- _ACTIVITY_: Repeat exactly the lines of the entries below from the one with "95. Вариант 3." through the one with "某現代風格住宅三室兩廳CAD施工圖及效果圖", both ends included, and nothing else.

---------- DATASET RECORDS ----------

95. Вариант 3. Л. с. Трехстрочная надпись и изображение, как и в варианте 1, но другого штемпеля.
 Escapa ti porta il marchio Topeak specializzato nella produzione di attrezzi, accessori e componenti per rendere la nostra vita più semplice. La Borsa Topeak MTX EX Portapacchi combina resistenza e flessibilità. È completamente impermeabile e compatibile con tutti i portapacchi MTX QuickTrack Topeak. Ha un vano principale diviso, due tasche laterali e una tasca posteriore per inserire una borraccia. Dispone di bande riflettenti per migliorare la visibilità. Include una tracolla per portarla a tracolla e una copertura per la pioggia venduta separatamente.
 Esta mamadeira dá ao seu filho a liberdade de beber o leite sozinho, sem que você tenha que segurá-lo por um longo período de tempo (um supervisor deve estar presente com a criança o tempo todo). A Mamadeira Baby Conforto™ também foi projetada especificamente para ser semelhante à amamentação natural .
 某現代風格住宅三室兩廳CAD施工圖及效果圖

----------
---------- DATASET RECORDS ----------

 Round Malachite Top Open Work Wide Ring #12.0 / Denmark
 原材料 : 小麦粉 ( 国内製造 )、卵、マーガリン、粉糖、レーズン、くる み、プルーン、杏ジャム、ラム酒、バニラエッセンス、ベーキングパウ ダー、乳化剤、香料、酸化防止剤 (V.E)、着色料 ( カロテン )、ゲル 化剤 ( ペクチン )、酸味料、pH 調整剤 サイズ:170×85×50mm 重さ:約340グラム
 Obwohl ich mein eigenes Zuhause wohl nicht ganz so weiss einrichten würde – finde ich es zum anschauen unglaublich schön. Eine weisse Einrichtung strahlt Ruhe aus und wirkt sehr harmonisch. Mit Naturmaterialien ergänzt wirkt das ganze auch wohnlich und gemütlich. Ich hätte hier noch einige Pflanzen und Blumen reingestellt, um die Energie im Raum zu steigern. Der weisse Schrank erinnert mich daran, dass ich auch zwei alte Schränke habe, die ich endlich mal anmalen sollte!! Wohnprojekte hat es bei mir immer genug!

----------
---------- DATASET RECORDS ----------

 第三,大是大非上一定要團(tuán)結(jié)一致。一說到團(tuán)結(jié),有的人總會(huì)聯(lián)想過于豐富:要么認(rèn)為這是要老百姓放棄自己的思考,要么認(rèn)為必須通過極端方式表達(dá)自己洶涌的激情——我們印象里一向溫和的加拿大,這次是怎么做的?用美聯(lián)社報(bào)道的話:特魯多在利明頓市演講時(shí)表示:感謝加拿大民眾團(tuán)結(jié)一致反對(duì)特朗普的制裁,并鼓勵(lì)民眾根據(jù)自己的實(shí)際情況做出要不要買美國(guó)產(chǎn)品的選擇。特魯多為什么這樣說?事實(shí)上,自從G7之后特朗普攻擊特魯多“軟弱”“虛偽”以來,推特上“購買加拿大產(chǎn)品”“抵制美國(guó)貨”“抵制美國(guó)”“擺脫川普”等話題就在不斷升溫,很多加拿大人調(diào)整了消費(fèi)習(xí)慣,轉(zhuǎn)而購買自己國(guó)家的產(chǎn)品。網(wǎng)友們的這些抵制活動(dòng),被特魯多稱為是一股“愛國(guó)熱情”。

----------

- _ANSWER SECTION_:
95. Вариант 3. Л. с. Трехстрочная надпись и изображение, как и в варианте 1, но другого штемпеля.
 Escapa ti porta il marchio Topeak specializzato nella produzione di attrezzi, accessori e componenti per rendere la nostra vita più semplice. La Borsa Topeak MTX EX Portapacchi combina resistenza e flessibilità. È completamente impermeabile e compatibile con tutti i portapacchi MTX QuickTrack Topeak. Ha un vano principale diviso, due tasche laterali e una tasca posteriore per inserire una borraccia. Dispone di bande riflettenti per migliorare la visibilità. Include una tracolla per portarla a tracolla e una copertura per la pioggia venduta separatamente.
 Esta mamadeira dá ao seu filho a liberdade de beber o leite sozinho, sem que você tenha que segurá-lo por um longo período de tempo (um supervisor deve estar presente com a criança o tempo todo). A Mamadeira Baby Conforto™ também foi projetada especificamente para ser semelhante à amamentação natural .
 某現代風格住宅三室兩廳CAD施工圖及效果圖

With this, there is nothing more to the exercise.